The output prited on screen while running Scrublet:
- Preprocessing...
- Simulating doublets...
- Embedding transcriptomes using PCA...
- Calculating doublet scores...
- Automatically set threshold at doublet score = 0.68
- Detected doublet rate = 0.0%
- Estimated detectable doublet fraction = 0.1%
- Overall doublet rate:
- Expected = 6.0%
- Estimated = 0.0%
- Elapsed time: 8.8 seconds
The 1st output figure is:
For DoubletScore.vs.ProbDensity plot of observed transcriptomes:
- The vertical bar is the cutoff of the doublet score.

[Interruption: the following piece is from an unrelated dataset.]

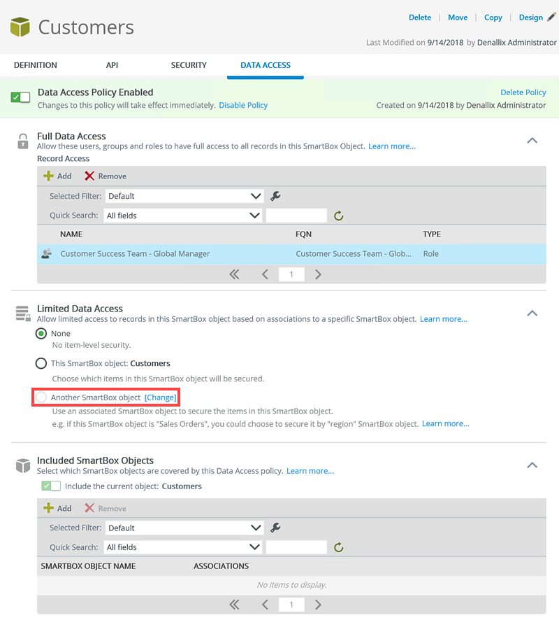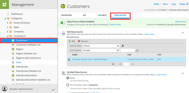 Notice that Full Data Access is enabled for Anthony (a member of the Customer Success Team - Global Manager role), as he is the Global Customer Success Manager. You want to limit the data that Bob is able to access on the Customers SmartBox SmartObject. Data access policies can contain both Full Data Access and Limited Data Access settings.

- The left panel is showing cells that are singlets.
- The right panel is showing cells that are doublets.
For DoubletScore.vs.ProbDensity plot of simulated doublets:
- The vertical bar is the detectable doublet fraction.
- The left panel is showing cells that are Embbedded doublets.
- The right panel is showing cells that are Neotypic doubles.
The 2nd output figure is:
For DoubletScoreUMAP:
- The left panel is showing indentified doublets in data set (black dots are identified doublets, which is missing in my data set, can take a look in example pipeline given at the begining of this doc).
- The right panel is showing doublet score of cells, in my case, there is no doublets but the cells are still colored, my data doublet score cutoff is 0.68.
Conclusion
Our data set has only embedded doublets, no detectable neotypic doublets.